- Education: Harvard National University of Ireland, Galway Mount Holyoke College
- Occupations: Author, historian
- Writing career
- Language: English
- Subject: 19th century U.S. history
- Notable awards: Avery O. Craven Award

= Chandra Manning =

American historian

Chandra Manning is an American historian who specializes in 19th century U.S. History. A graduate of Mount Holyoke College, Manning went on to receive her Ph.D. from Harvard in 2002. She is a professor of history at Georgetown University. Manning has written several articles that have appeared in various journals and books, and is the author of the books What This Cruel War Was Over and Troubled Refuge: Struggling for Freedom in the Civil War.

==Education==
Chandra attended Mount Holyoke College where she received her B.A. summa cum laude, in history. She then attended the National University of Ireland, Galway where she received an M.Phil in Irish history and literature.
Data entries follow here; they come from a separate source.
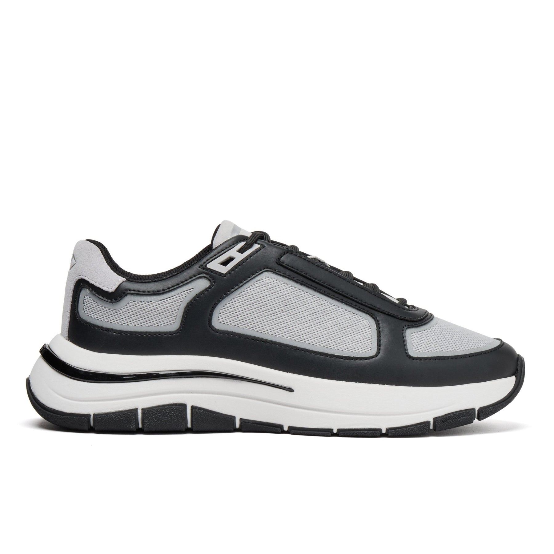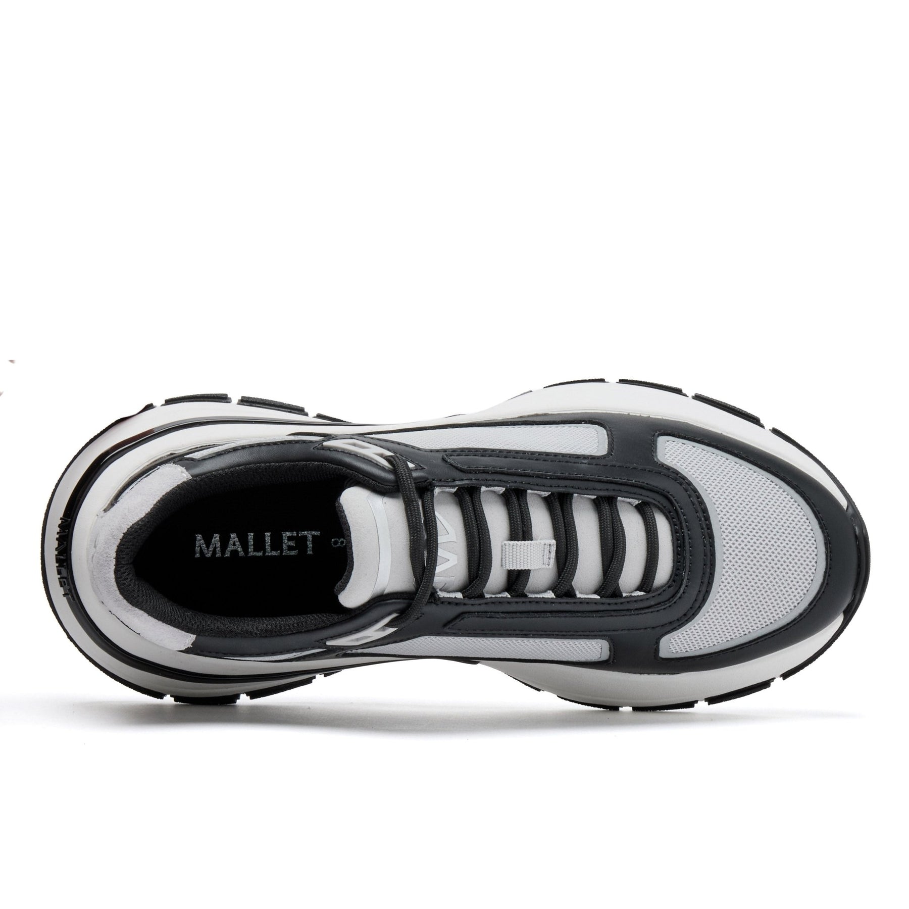 Alton Black Grey reinterprets MALLET’s contemporary sneaker DNA with a sharp monochrome contrast. A clean, technical upper is set on the bold Orb outsole, combining premium leather with chrome mesh and reflective detailing for a modern luxury trainer.
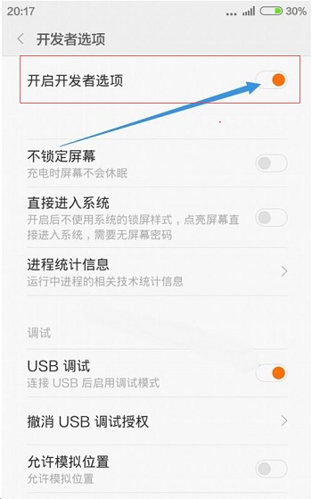 6、进入后将“开启开发者选项”一栏的开关开启即可。
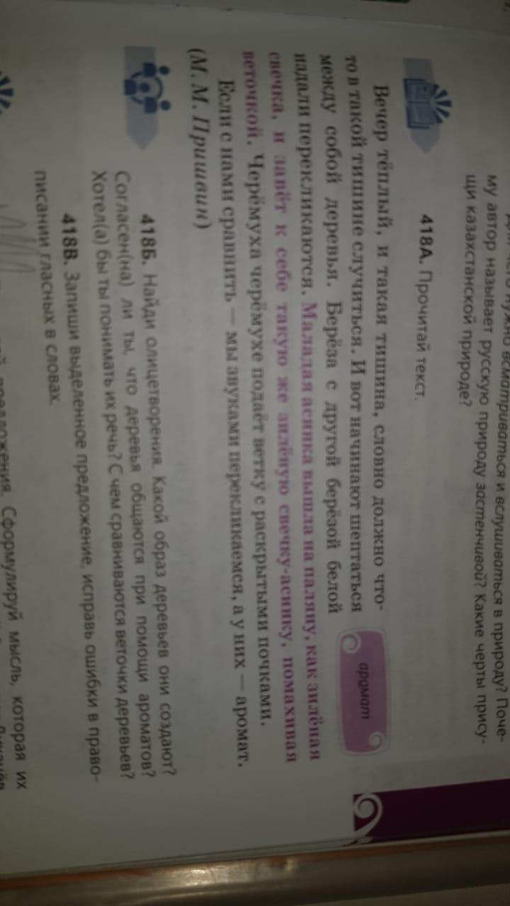 Вечер(-) случиться(=) ;начинают(=) шептаться(=) деревья (=);береза (-) перекликаются (=).Молодая осинка вышла на поляну,как зелёная свечка,и зовёт к себе такую же зелёную осинку-свечку,помахивая веточкой .осинка(-)вышла(=)свечка(-)зовет(=) осинку-свечку(-)помахивая(=) черёмуха (-)подаёт (=)сравнить(-)мы (-)перекликаемся(=)
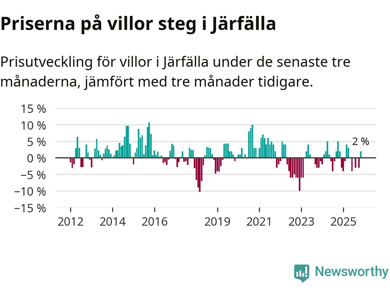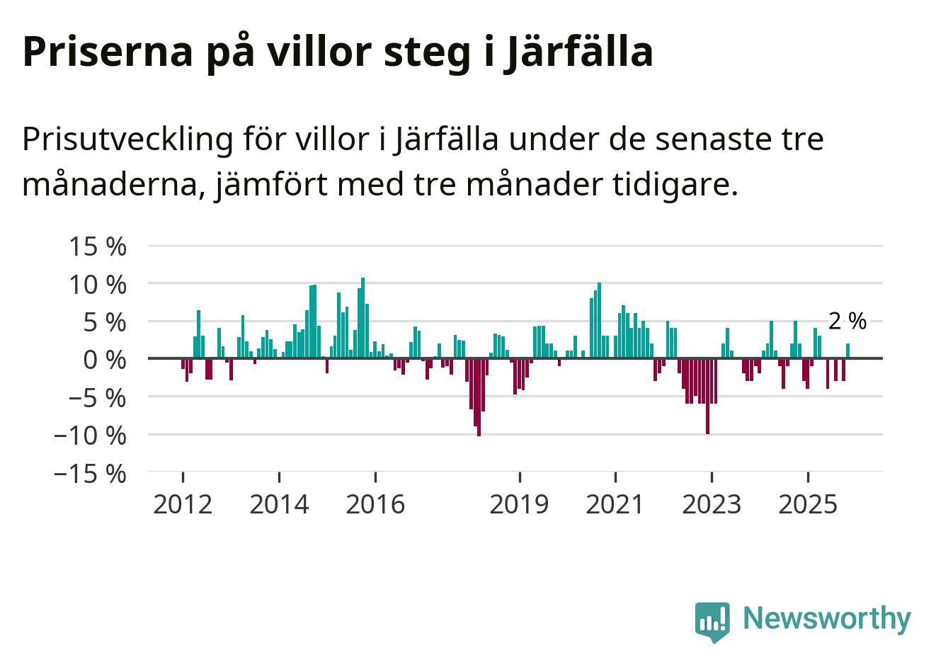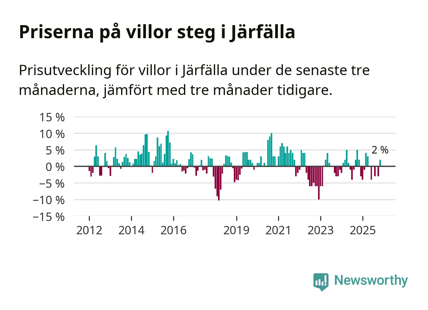 Villapriserna har gått upp i Järfälla kommun. Medelpriset på försäljningarna under de senaste tre månaderna visar på en uppgång med 2 procent.
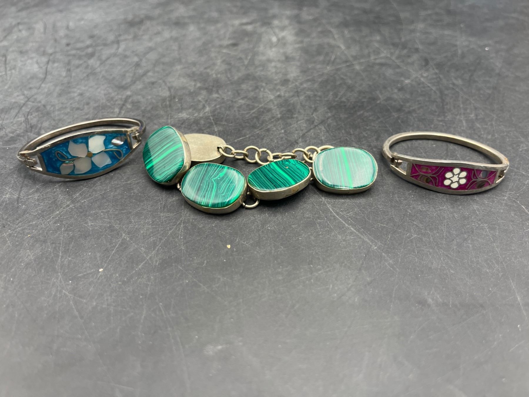 Three Jewelry Items Featuring Green Cabochon and Floral Designs
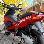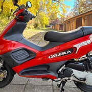 Eladó a képen látható gyári állapotú Gilera Runner SP karburátoros és vízhűtéses sport robogó. Teljesen tuning mentes, gyári fényezés, gyári matrica! Elől-hátul tárcsafékes, automata olajozásos, keveri magának nincs kikötve. Minden tökéletesen működik, pöccre indul és jól megy költségmentes állapotban eladó.
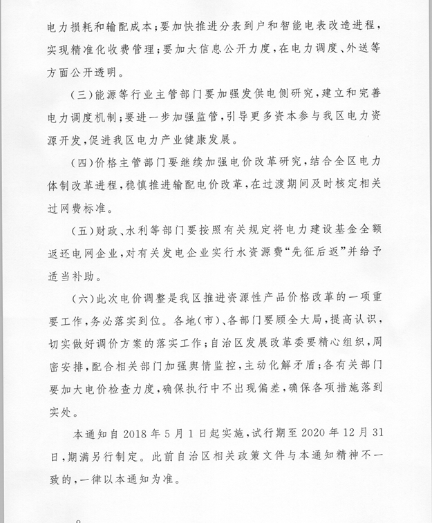 5、對(duì)全區(qū)集中供暖的電鍋爐用戶統(tǒng)一試行居民用電價(jià)格,并執(zhí)行兩部制電價(jià)。
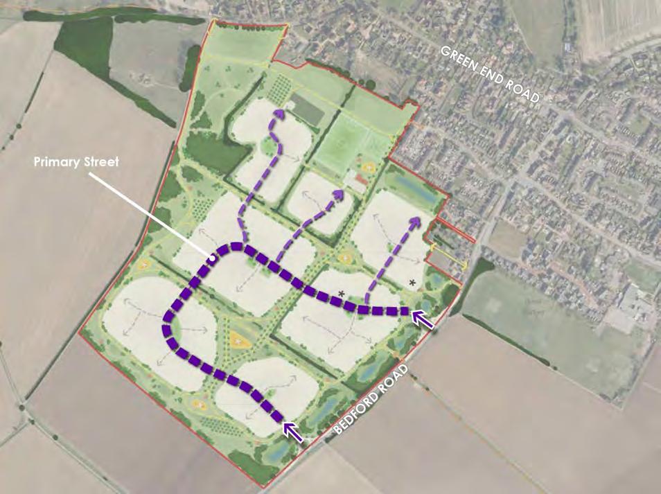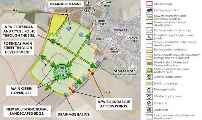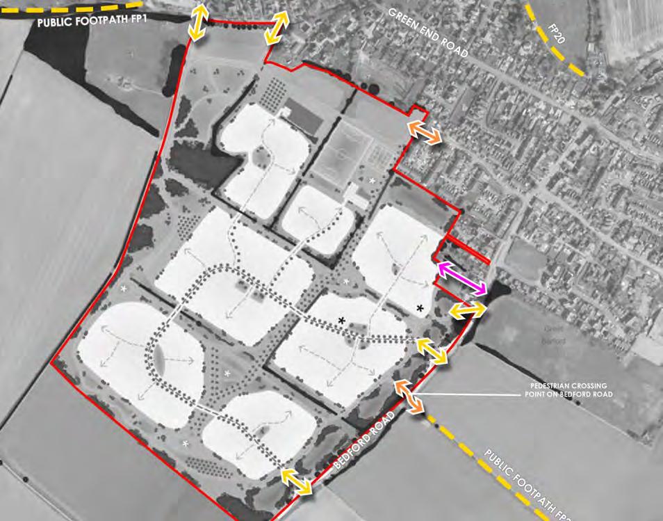 • Pedestrian and cycle access and crossing points from Green End Road and Bedford Road
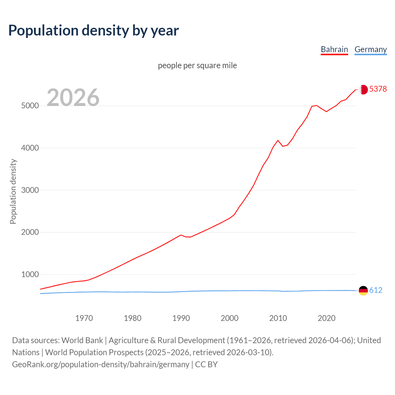 From 2006 to 2026, population density in Bahrain increased by 60%, compared to a 0.04% growth in Germany.
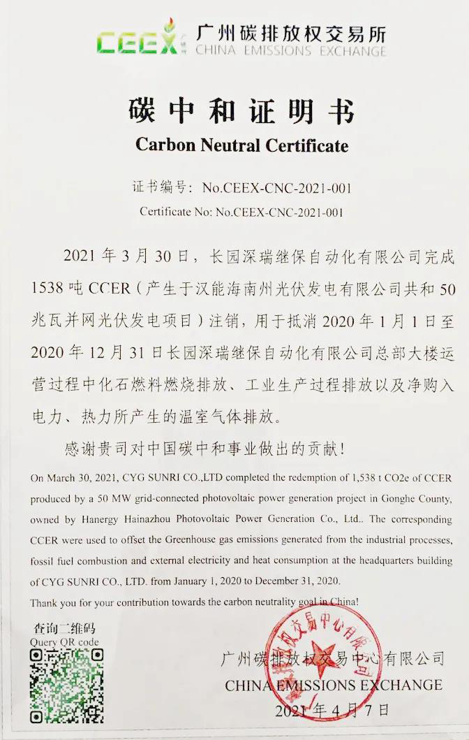 在首次“零碳鉴定”后,三亿体育深瑞开始着手启动本部大楼碳中和项目,并积极中和本部大楼2020年运营过程中化石燃料燃烧排放、工业生产过程排放以及净购入电力、热力所产生的1538吨温室气体排放,实现公司运营层面零碳目标。
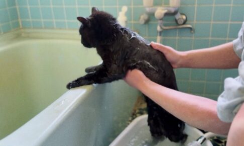 外で盛大なゴロンゴロンで全身灰だらけな黒猫はお風呂直行!
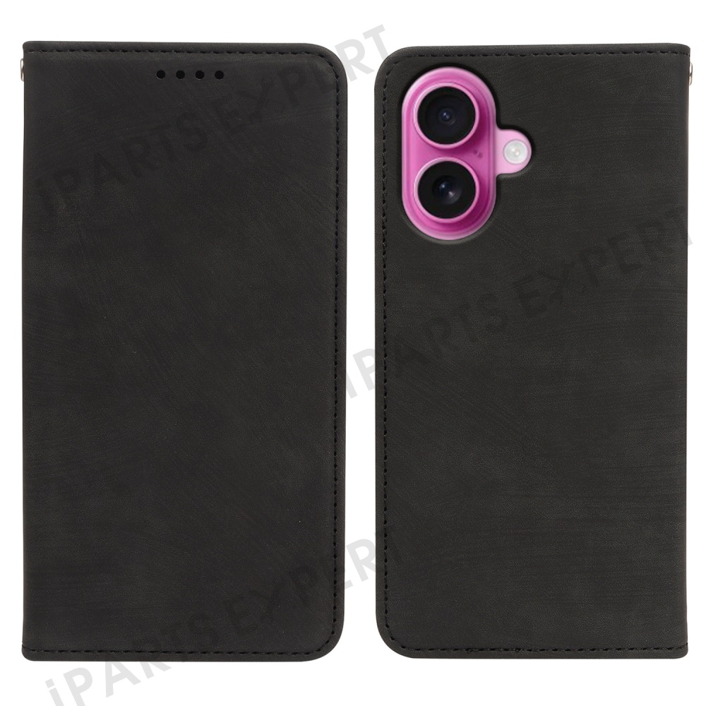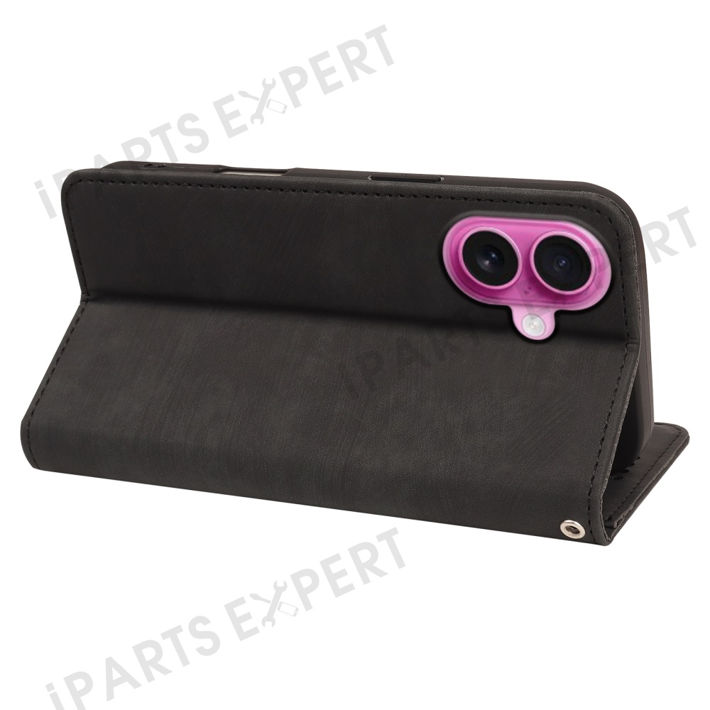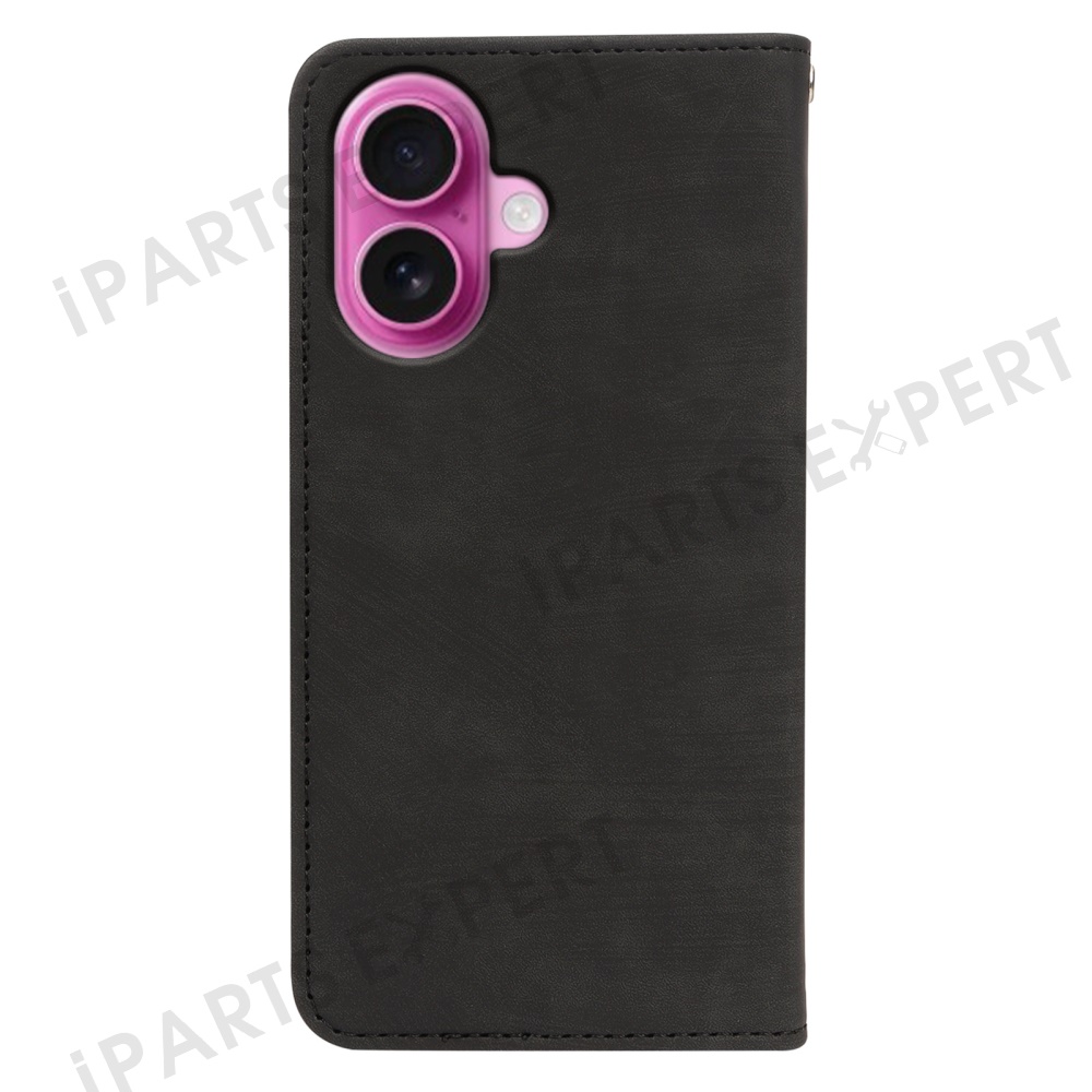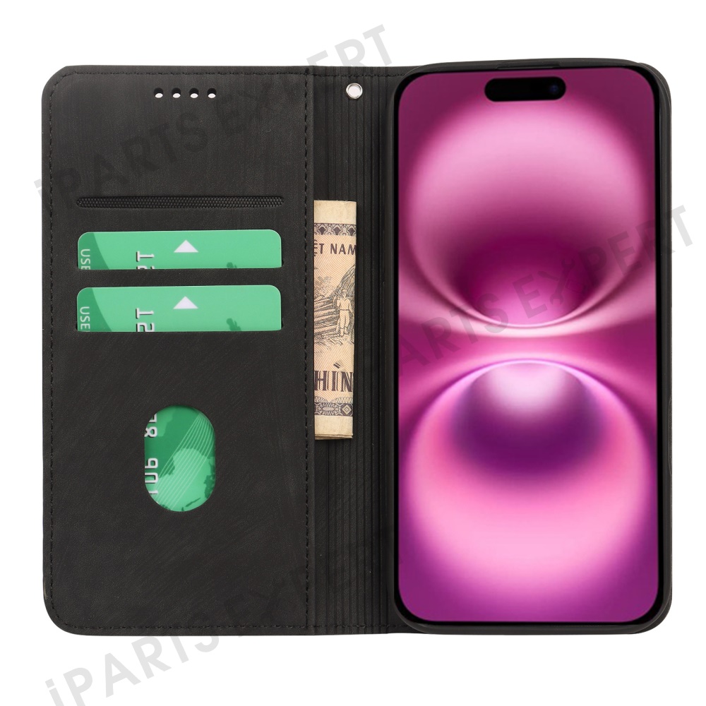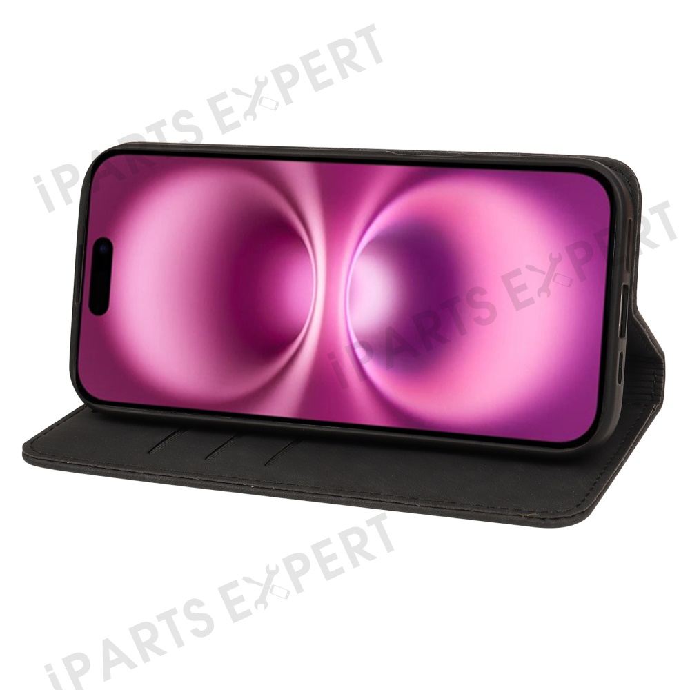 For iPhone 16 Case Strong Magnetic Leather Wallet Phone Cover with Striped Texture - Black

She would later go on to receive her Ph.D. in History from Harvard.

==Career and personal life==
Manning is currently a full professor of history at Georgetown University where she has taught since 2005. In 2015-2017 she took leave from Georgetown University to serve as Special Advisor to the Dean of the Radcliffe Institute for Advance Study at Harvard University. Prior to joining the faculty at Georgetown Prof. Manning was an assistant professor at Pacific Lutheran University in Tacoma, Washington. She has also lectured in history at Harvard University.

She splits her time between Georgetown and in Braintree, Massachusetts where she lives with her husband and two sons.

==Published work==
Manning published her most recent book, Troubled Refuge: Struggling for Freedom in the Civil War in 2016. Drawing on a wealth of military records, letters, and diaries the book examines the relationship between African Americans and the federal government forged in the contraband camps, which were refugee camps for escaped slaves. That relationship, which lasted beyond the war, would help destroy slavery, foreclose it reestablishment, while also redefining American citizenship in ways that are still with us today. Manning's first book, What This Cruel War Was Over was published in 2007 and focuses on the American Civil War. The book examines how soldiers on both sides of the war perceived slavery, and how this contentious issue may have influenced their ideas about the war and its purpose. Manning studied Union and Confederate soldiers' accounts in order to explain and understand why slavery defined the soldier's thinking about the war.

Manning has also written over a dozen articles published in both books and journals, such as North and South, Journal of the Civil War, The Chronicle of Higher Education, and the Journal of American History.

==Awards==
Manning's Trouble Refuge: Struggling for Freedom in the Civil War has been reviewed positively in publications such as the Wall Street Journal. The work was awarded the Jefferson Davis Prize and was a finalist for the Lincoln Prize. What This Cruel War Was Over has received many positive reviews. For this work, she was awarded the Avery O. Craven Award by the Organization of American Historians in 2007. She has also received honorable mention in the Lincoln Prize, the Jefferson Davis Prize, and in the Virginia Literary Award in Nonfiction competitions.